以列为条件按组生成随机分布
Generate a random distribution by group conditional on a column
我想根据一个列生成两个不同的分布。例如,如果 z1 高于 25,我在这里生成正态分布 rnorm(),否则生成泊松分布 rpois()。此外,我想从规定的分布中获得按组(列 id)的变化。
现在我有以下代码:
df <- structure(list(id = c(1L, 1L, 1L, 2L, 2L, 2L, 3L, 3L, 3L, 4L,
4L, 4L), z1 = c(21L, 21L, 21L, 28L, 28L, 28L, 30L, 30L, 30L,
20L, 20L, 20L)), row.names = c(NA, -12L), class = "data.frame")
df$sample <- with(df, ifelse(z1 > 25,
rnorm(n = 1,mean = 0,sd = 1), ##Normal(0,1)

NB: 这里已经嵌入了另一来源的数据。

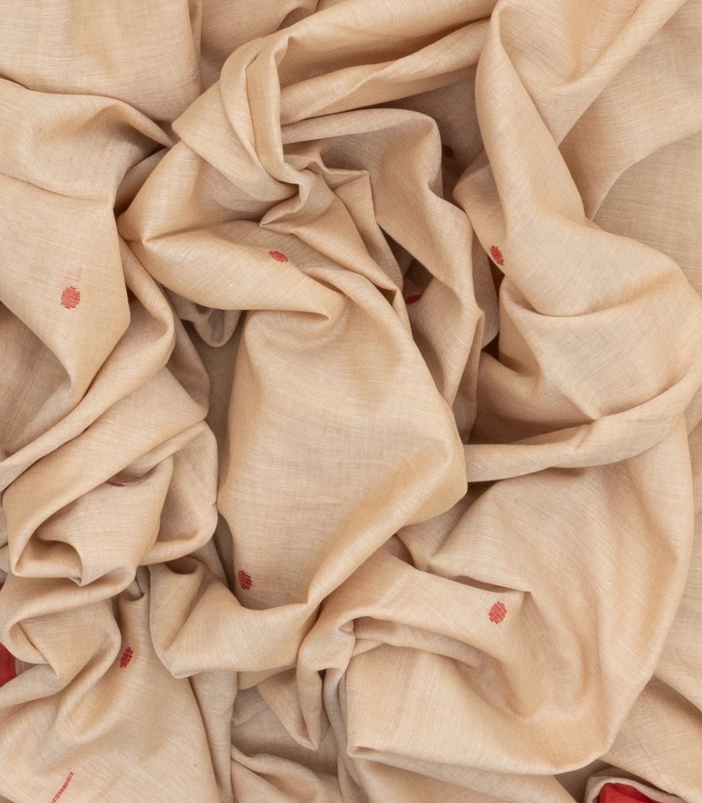 Cream Handloom Bengal Cotton Saree With Coin Buttas-BG1200

rpois(n = 1,lambda = 5))) ## Poisson(5)
# id z1 sample
# 1 1 21 6.0000000
# 2 1 21 6.0000000
# 3 1 21 6.0000000
# 4 2 28 -0.8036847
# 5 2 28 -0.8036847
# 6 2 28 -0.8036847
# 7 3 30 -0.8036847
# 8 3 30 -0.8036847
# 9 3 30 -0.8036847
# 10 4 20 6.0000000
# 11 4 20 6.0000000
# 12 4 20 6.0000000
不幸的是,正如您在上面看到的那样我没有在 id 组(第 id 列)中得到变化。
下面是我在 desired_sample.
列中想要的输出
# id z1 sample desired_sample
# 1 1 21 6.0000000 5.0000000
# 2 1 21 6.0000000 5.0000000
# 3 1 21 6.0000000 5.0000000
# 4 2 28 -0.8036847 0.7356226
# 5 2 28 -0.8036847 0.7356226
# 6 2 28 -0.8036847 0.7356226
# 7 3 30 -0.8036847 -1.359669
# 8 3 30 -0.8036847 -1.359669
# 9 3 30 -0.8036847 -1.359669
# 10 4 20 6.0000000 4.0000000
# 11 4 20 6.0000000 4.0000000
# 12 4 20 6.0000000 4.0000000
[跟进]
下面的代码可以做到,但是...
con_dist2 <- function(x){
ifelse( x>=25,
return(rnorm(1,mean = 0 , sd = 1 )),
return(rpois(1,lambda = 5 )))
}
df$desired_sample2<- with(df ,ave(x = z1, id, FUN = con_dist2), )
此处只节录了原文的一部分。